[haiku-development] Re: Beta1 and R1 release plan

  • From: Adrien Destugues <pulkomandy@xxxxxxxxx>
  • To: haiku-development@xxxxxxxxxxxxx
  • Date: Mon, 3 Nov 2014 15:27:34 +0100

On Mon, Nov 03, 2014 at 02:34:56PM +0100, Axel Dörfler wrote:
> >The way I see things, is that our master branch is a playground for
> >developers. That doesn't mean R2 is. An R2 branch can be split out of
> >the master and stable features merged there. We can then plan a release
> >at any time knowing that we have a stable branch to work from. Starting
> >the R2 work from the R1 branch instead would mean more work in catching
> >up with trunk and I'm not sure what the gains are.
> 
> Maybe I did not made myself clear enough: without keeping those branches
> connected, as a user, you won't have any functional update of Haiku for the
> years to come, as you likely would not want to live on the bleeding
> playground edge.
> Before making master a playground, I would prefer a Linux like approach, ie.
> a next (playground), and a stable repository, and establish a review process
> for the latter only (IIRC Oliver is still investigating this).
> Still, even playground should only receive mostly complete features. That
> other playground should stay the local/github repository of the developers.

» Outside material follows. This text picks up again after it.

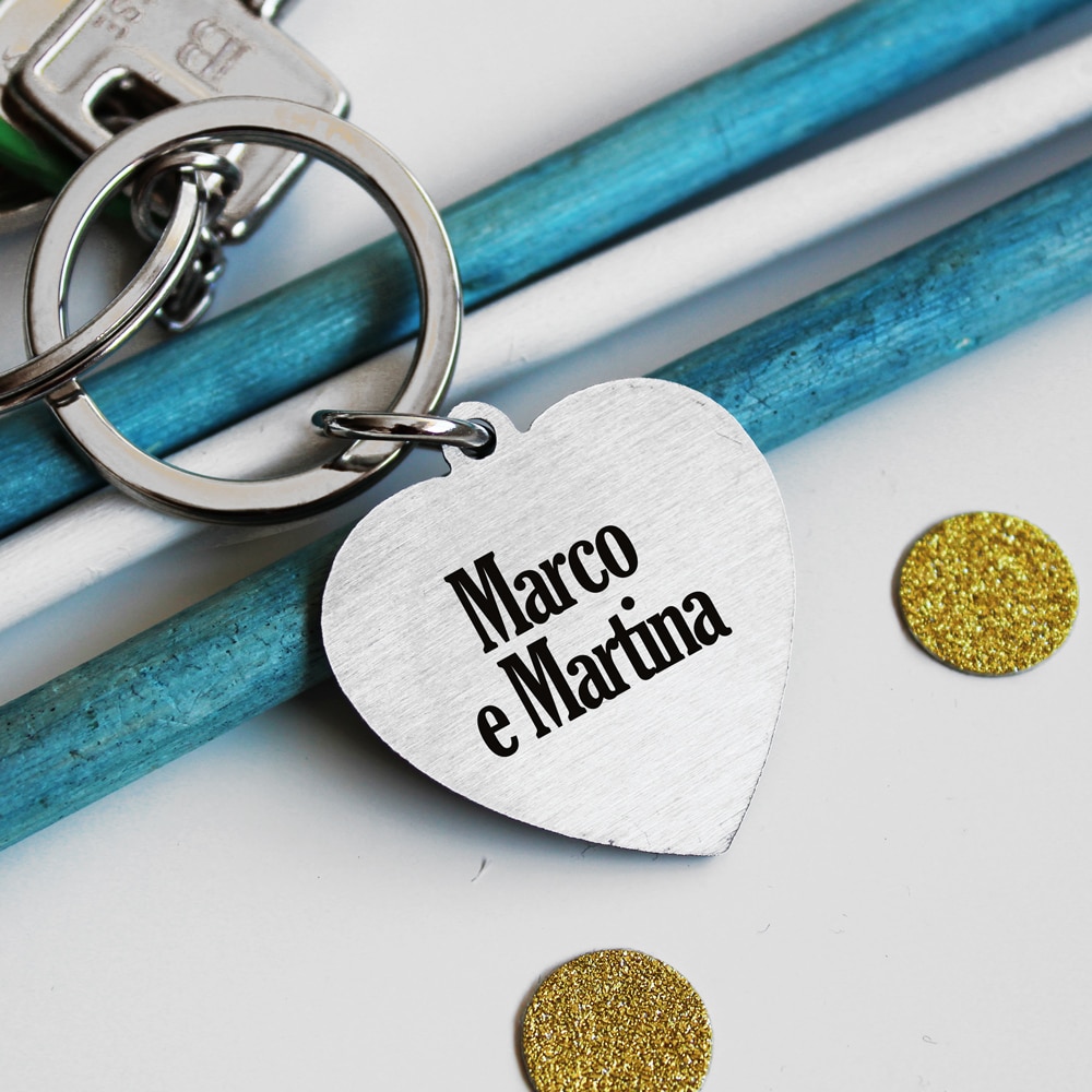 Splendido portachiavi in acciaio inox a forma di cuore con con dedica, personalizzabile sia fronte che retro (costo extra). Il regalo perfetto per la festa del papà!

Maybe I'm mising something here, but it seems to be mostly a difference
in branch naming and how the R2 branch is created.

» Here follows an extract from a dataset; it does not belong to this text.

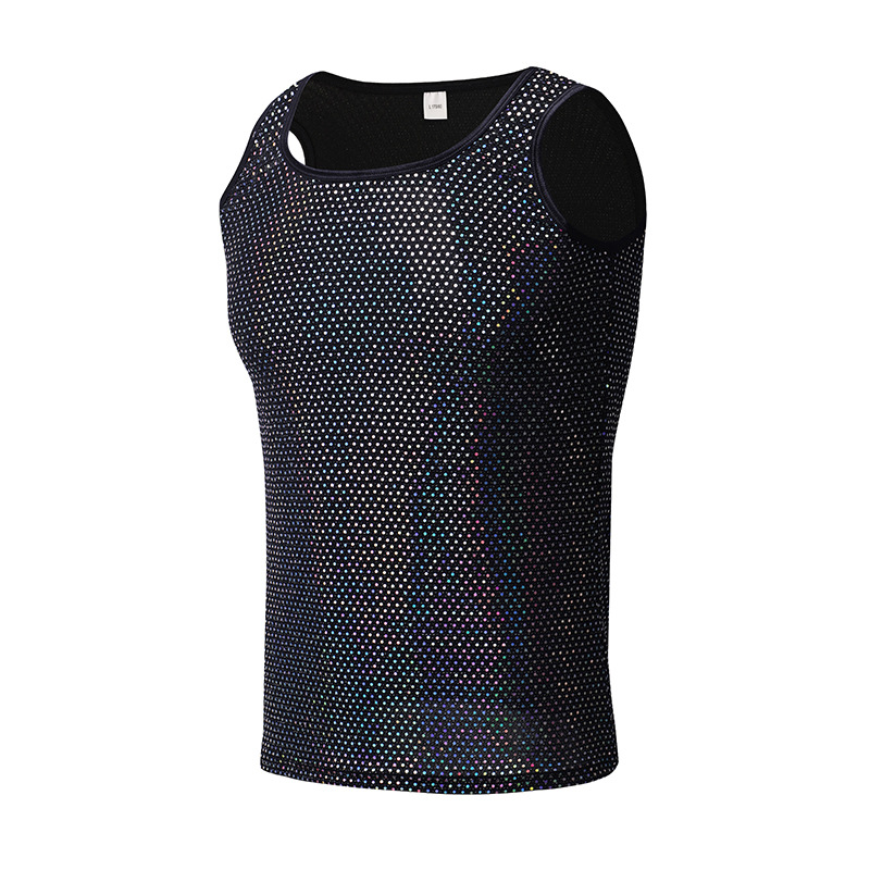 남자 조끼 여름 2025 새로운 피트니스 조끼 유행 잘 생긴 나이트 클럽 가수 반짝 이는 민소매 티셔츠스토어 가기

Yes, in the original plan, the R1 branch would be a dead-end. It is kept
there for security updates and bugfixes to R1, until R2 is out. The idea
being that we continue to support users running R1, and fixing bugs for
them, while on the R2 branch we prepare and publish alphas and betas.
The two branches thus live in parallel for some time (as short as possible),
so there is an R1 release for users, which is bug-free, and an R2
pre-release for developers, which proably has some bugs but where they
can experiment with the new R2 features.

Sure, if R2 keeps an R1 wrapper that can be made stable by all means,
there is little need for this. But this requires a stricter control on
merging things to the R2 branch, hence a change of workflow (next/master
like Linux, Gerrit-style, and/or pull requests from devs individual
repos).

> 
> >As far as I'm concerned, source compatibility would be enough.
> 
> For me, this would not be acceptable at all (as I said, not necessarily R1,
> but in the long run). While you position yourself clearly, I'd rather like
> to see a discussion of why source compatibility would be enough. Are there
> any objections to the notion that 1) one repository to rule them all is
> impossible, and that 2) not having binary compatibility sucks as soon as you
> have more than one repository?
> 
> Source compatibility is, to a certain degree, nice, but doesn't help a
> thing. With this.

We are in a situation different from the Linux one where there are
dozens of distributions to care for. I think it is reasonable to ask
Haiku application developers to compiler their app for R1 and R2 during
the R2 testing period. This doesn't need a single repository, nor does
it needs binary compatibility from R1 to R2. It does, however, need
binary compatibility from R1 to its bugfix releases (R1.1, etc) and from
R2alpha1 to R2 (including anything in between). So we still have to take
care before making APIs public, and include the FBC padding or other
future-proofing measures in all new public classes.

> 
> >While at first the master branch may see a lot of disrupting changes, at
> >some point it will have to get into a more stable state and start
> >pushing out alphas, betas and stable releases. The availability of
> >alphas and betas means 3rd-party devs can test their apps there, fix
> >them if needed, and get them up to date and ready when the final R2 gets
> >out.
> 
> We see how well that works in the Linux world. Or at Mac OS X which has seen
> at least a number of compatibility issues in the past.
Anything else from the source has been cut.